Pour Markotanyos, le vinyle demeurera la porte d'entrée des mélomanes: «Un jeune de 25 ans va trouver le vinyle beaucoup plus cool qu'un fichier numérisé, car il a un objet d'art entre les mains, il se procure une chaîne et des vinyles. L'actuelle production vinyle est assez massive, tous les artistes ont des vinyles neufs... Les artistes ressortent leurs albums en vinyle, sans compter l'usagé.»

Une relève de mélomanes

Il existe près d'une quinzaine de boutiques de vinyles à Montréal, Aux 33 tours est assurément la plus grosse. Pas très loin existe L'Oblique, ouvert depuis 30 ans. Assurément une référence auprès des mélomanes montréalais, la boutique de la rue Rivard appartient à Luc Bérard, «mélomane accompli» et dévoué à la «mélomanie» depuis la fondation de L'Oblique.

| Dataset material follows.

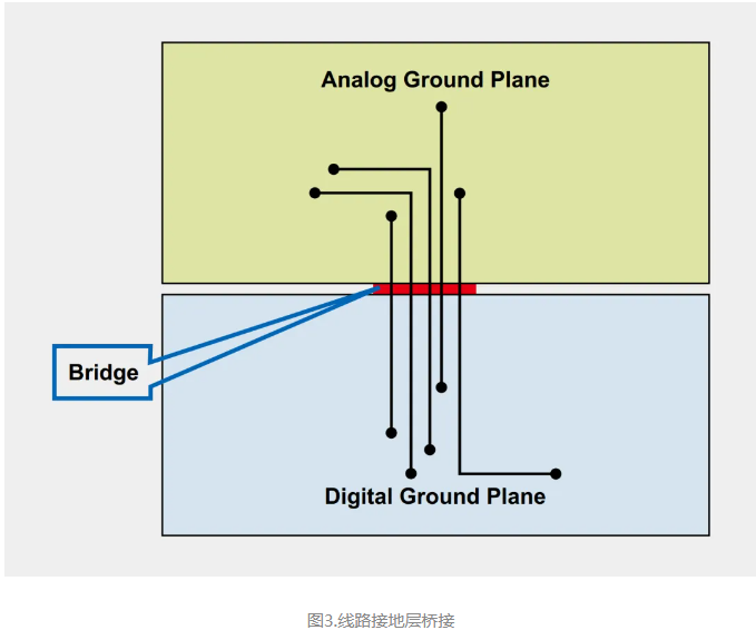 如果两个层仅在电源处连接(图2),则返回电流被迫直接流回电源接地,这是一个真正的大型环路!另外,不幸的是,不同RF电势下使用长线缆连接的模拟和数字接地层,形成一个非常有效的偶极天线。首选使用一个持续接地层以避免这种长接地环路,但是如果使用分割接地层绝对必要并且线路穿过分割线则各层应首先在一个位置连接,以形成一个返回电流的桥(图3)。对所有线路进行布局,让它们穿过该桥,直接在每条线路下面提供一条返回通路,从而产生一个非常小的环路面积。这种方法的典型应用是权衡何时使用高分辨率(>20-bit)∑-∆模数转换器(ADC)。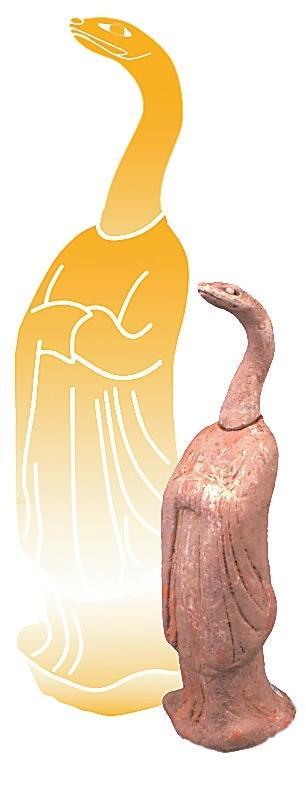 伏羲和女?huà)z是中國(guó)神話傳說(shuō)中的創(chuàng)世神靈,被視為人類(lèi)文明的始祖。相傳他們均為蛇身人首的形象,象征著自然與人類(lèi)的和諧統(tǒng)一。伏羲被認(rèn)為是發(fā)明八卦、結(jié)繩記事的智者,開(kāi)啟了中華文明的智慧之門(mén);而女?huà)z則以其神力摶土造人,煉石補(bǔ)天,維護(hù)了天地的秩序。展覽中展出的高臺(tái)縣博物館館藏的一件魏晉時(shí)期的女?huà)z圖彩繪壁畫(huà)磚。畫(huà)面繪女?huà)z,人首蛇身,獸足,頭梳高髻,著交領(lǐng)紅裳,右手持月輪,月輪內(nèi)有蟾蜍,左手持規(guī),周?chē)L云氣。同時(shí),還展出了一件高臺(tái)縣博物館館藏魏晉時(shí)期的伏羲女?huà)z畫(huà)像磚,左側(cè)女?huà)z,一手持矩、一手拿陰物,人首、蛇身、獸足、挽高髻、著交領(lǐng)長(zhǎng)衣,腹部繪月輪;右側(cè)伏羲,右手持規(guī),左手持日,內(nèi)有一金烏,周?chē)茪猸h(huán)生,意在天界暢游。兩磚拼合形成陰陽(yáng)交合圖,為墓葬中室頂部藻井彩繪圖像。畫(huà)像中人首蛇身的伏羲、女?huà)z形象,濃縮著中國(guó)上古時(shí)代的蛇崇拜意識(shí)。我國(guó)古代有天圓地方之稱(chēng),伏羲執(zhí)規(guī)象征天,女?huà)z執(zhí)矩象征地,反映了墓主人追隨升天的愿望,也期望其后代能夠繁衍生息。

«J'ai toujours voulu m'adresser aux gens pour qui la musique est très importante dans la vie. Ces mélomanes tiennent encore à acheter des disques, ils tiennent à l'objet. Je peux compter sur quelques centaines de clients qui reviennent régulièrement, certains me sont fidèles depuis le début. J'ai une belle relation avec ma clientèle, cette boutique est le prolongement de mon salon. Pur plaisir!»

Contrairement à Pierre Markotanyos, Luc Bérard ne jure pas que par le vinyle, quoique...

«Chez moi, les CD constituent entre 40 et 45 % de mon inventaire et le vinyle a pris le dessus depuis environ deux ans. Mais je vends encore beaucoup de CD neufs, j'en conserve un bon répertoire, car ce n'est pas tout le monde qui a embarqué dans le vinyle. J'ai des clients qui possèdent de très bonnes chaînes stéréo et préfèrent le CD.»

Luc Bérard voit une relève de mélomanes chez les consommateurs de vinyles. «Je retrouve chez ces jeunes ce que je vivais quand j'étais moi-même jeune. Aller faire les magasins, puis partager ses découvertes le samedi soir avec des amis. Avec le CD, cette pratique était disparue, on dirait qu'elle renaît avec le vinyle. C'est un peu la recherche du Graal, et le vinyle mène ces jeunes à se procurer une chaîne stéréo à la mesure de leur budget, et à aménager un lieu de leur appartement pour le consacrer à l'écoute.»

Le proprio de L'Oblique ne croit pas qu'il s'agisse d'un simple effet de mode éphémère. 

«C'est clairement une tendance. Les ventes de vinyles progressent depuis au moins cinq ans au Canada, et neuf ans en Angleterre, on ne parle donc plus d'une mode. Je ne sais pas si ça durera encore longtemps, mais je dis oui pour les prochaines années. J'en suis convaincu.»

Marc Prudhomme, un des frères d'une même famille travaillant au sein de la boutique de disques usagés Le Fox Troc, ouverte depuis bientôt 27 ans, ne miserait pas sur le vinyle.

«Personnellement, je n'y crois pas et je pense que cette tendance cessera dans quelques années. Le prix du vinyle est nettement exagéré! Dans un magasin, j'ai vu l'album Rumours de Fleetwood Mac offert au prix de 43 $! Le CD disparaîtra aussi, mais ce n'est pas non plus pour demain. La fermeture des grandes surfaces nous favorise peut-être... Pour l'instant, nous avons une clientèle stable et fidèle qui tient encore à acheter des disques et venir placoter entre mélomanes. L'ancien propriétaire de l'Alternatif, qui fut un magasin mythique de la rue Saint-Denis, vient nous voir chaque jour!»

PHOTO ALAIN ROBERGE, LA PRESSE

Les jeunes constituent une part importante de la clientèle, constatent les disquaires indépendants en entrevue.